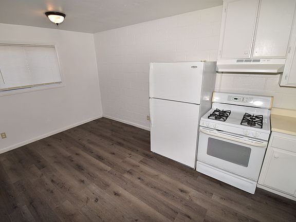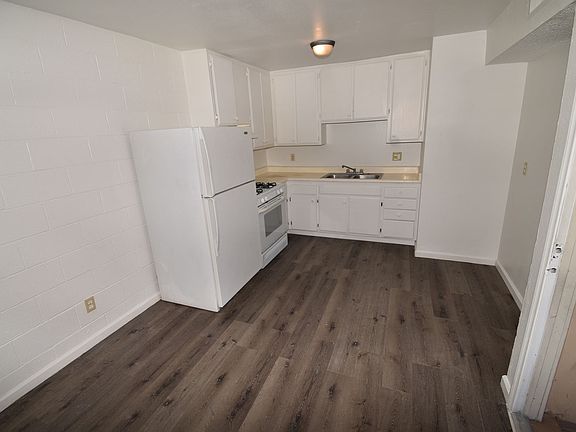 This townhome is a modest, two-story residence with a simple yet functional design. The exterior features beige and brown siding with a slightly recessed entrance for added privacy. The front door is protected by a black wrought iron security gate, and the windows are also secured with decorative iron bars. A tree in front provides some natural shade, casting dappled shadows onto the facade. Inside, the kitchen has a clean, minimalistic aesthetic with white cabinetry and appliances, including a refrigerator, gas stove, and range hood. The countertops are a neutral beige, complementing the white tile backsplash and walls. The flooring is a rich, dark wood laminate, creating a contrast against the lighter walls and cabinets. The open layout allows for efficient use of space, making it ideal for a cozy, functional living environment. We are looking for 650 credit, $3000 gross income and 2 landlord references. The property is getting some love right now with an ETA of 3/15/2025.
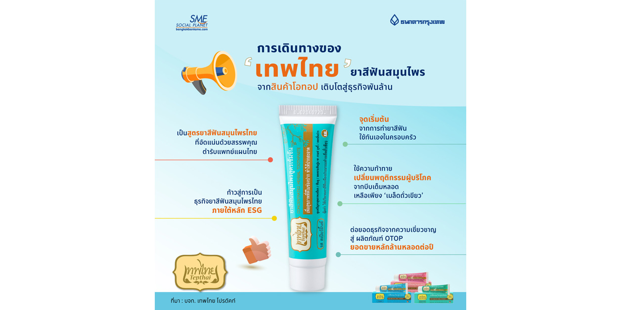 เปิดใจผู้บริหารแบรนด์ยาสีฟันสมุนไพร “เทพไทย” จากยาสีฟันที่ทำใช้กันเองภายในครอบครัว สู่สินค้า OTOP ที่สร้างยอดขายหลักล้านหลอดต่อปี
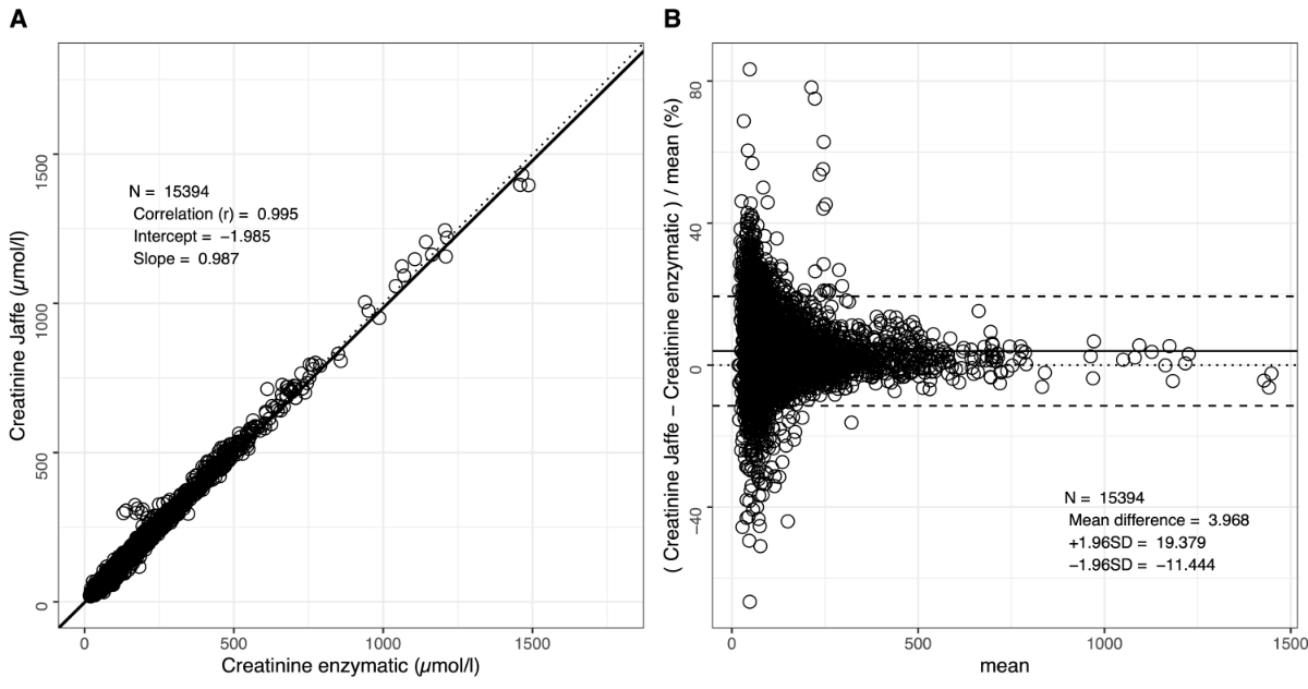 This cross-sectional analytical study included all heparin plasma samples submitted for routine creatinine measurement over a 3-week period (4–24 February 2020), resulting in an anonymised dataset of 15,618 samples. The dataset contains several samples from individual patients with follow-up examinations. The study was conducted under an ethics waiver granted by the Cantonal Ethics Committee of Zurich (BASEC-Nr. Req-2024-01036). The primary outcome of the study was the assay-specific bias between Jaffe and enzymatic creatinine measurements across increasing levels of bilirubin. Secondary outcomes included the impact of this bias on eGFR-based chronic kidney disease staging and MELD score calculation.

☆ ☆ ☆ ☆

_What needs to be done_
Please reproduce, exactly and only, the lines from the line containing "สู่สินค้า OTOP ที่สร้างยอดขายหลักล้านหลอดต่อปี" through the last line of the material above, minus any pictures.

_Result of this task_
 เปิดใจผู้บริหารแบรนด์ยาสีฟันสมุนไพร “เทพไทย” จากยาสีฟันที่ทำใช้กันเองภายในครอบครัว สู่สินค้า OTOP ที่สร้างยอดขายหลักล้านหลอดต่อปี
 This cross-sectional analytical study included all heparin plasma samples submitted for routine creatinine measurement over a 3-week period (4–24 February 2020), resulting in an anonymised dataset of 15,618 samples. The dataset contains several samples from individual patients with follow-up examinations. The study was conducted under an ethics waiver granted by the Cantonal Ethics Committee of Zurich (BASEC-Nr. Req-2024-01036). The primary outcome of the study was the assay-specific bias between Jaffe and enzymatic creatinine measurements across increasing levels of bilirubin. Secondary outcomes included the impact of this bias on eGFR-based chronic kidney disease staging and MELD score calculation.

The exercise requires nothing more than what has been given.